WORK REQUEST: Output exactly, and only, the lines below from the one with "欧洲主要股指涨多跌少,截至发" down to the one with "Стильный компактный диван". Include both end lines and no pictures.

DATA SHOWN:
+===+

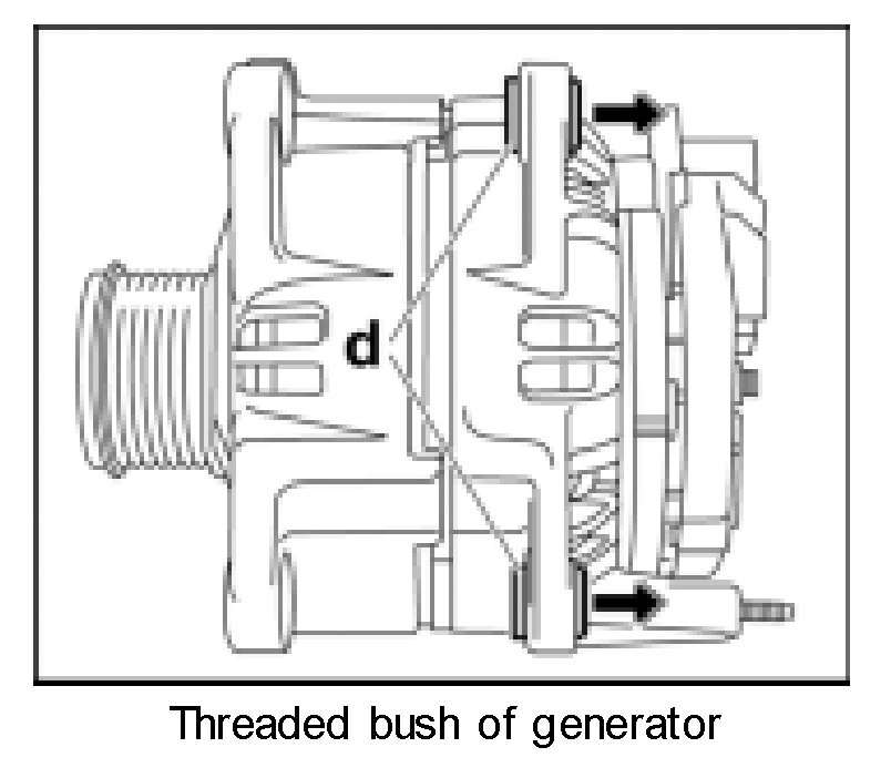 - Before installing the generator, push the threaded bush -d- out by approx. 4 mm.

+===+

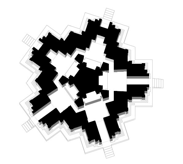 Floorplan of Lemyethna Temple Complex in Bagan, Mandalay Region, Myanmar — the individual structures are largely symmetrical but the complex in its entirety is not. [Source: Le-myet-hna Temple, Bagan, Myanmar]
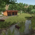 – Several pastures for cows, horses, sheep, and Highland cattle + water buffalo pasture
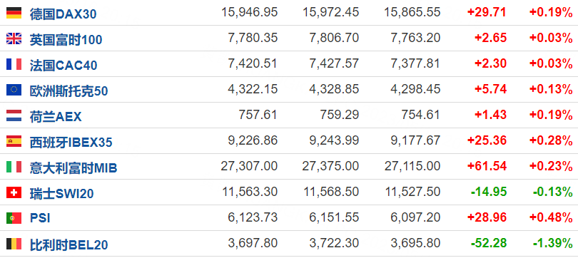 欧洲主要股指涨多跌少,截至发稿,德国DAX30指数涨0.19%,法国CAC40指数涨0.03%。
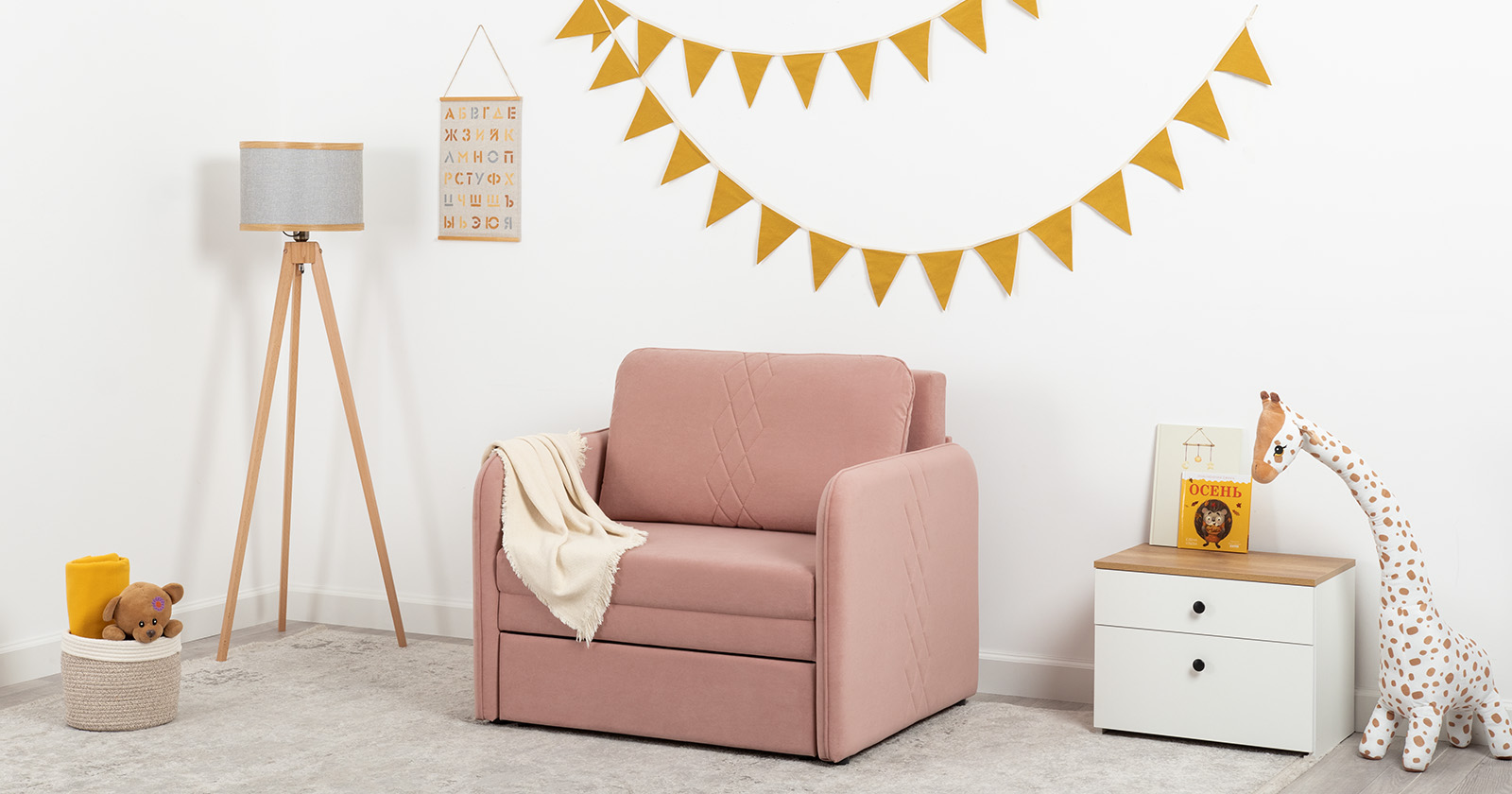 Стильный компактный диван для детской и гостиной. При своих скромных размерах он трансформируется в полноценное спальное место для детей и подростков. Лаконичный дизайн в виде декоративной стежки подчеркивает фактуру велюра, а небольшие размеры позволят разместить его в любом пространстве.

+===+

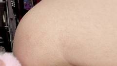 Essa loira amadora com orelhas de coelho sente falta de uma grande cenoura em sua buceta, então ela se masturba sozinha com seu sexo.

+===+

FINISHED EXERCISE:
 欧洲主要股指涨多跌少,截至发稿,德国DAX30指数涨0.19%,法国CAC40指数涨0.03%。
 Стильный компактный диван для детской и гостиной. При своих скромных размерах он трансформируется в полноценное спальное место для детей и подростков. Лаконичный дизайн в виде декоративной стежки подчеркивает фактуру велюра, а небольшие размеры позволят разместить его в любом пространстве.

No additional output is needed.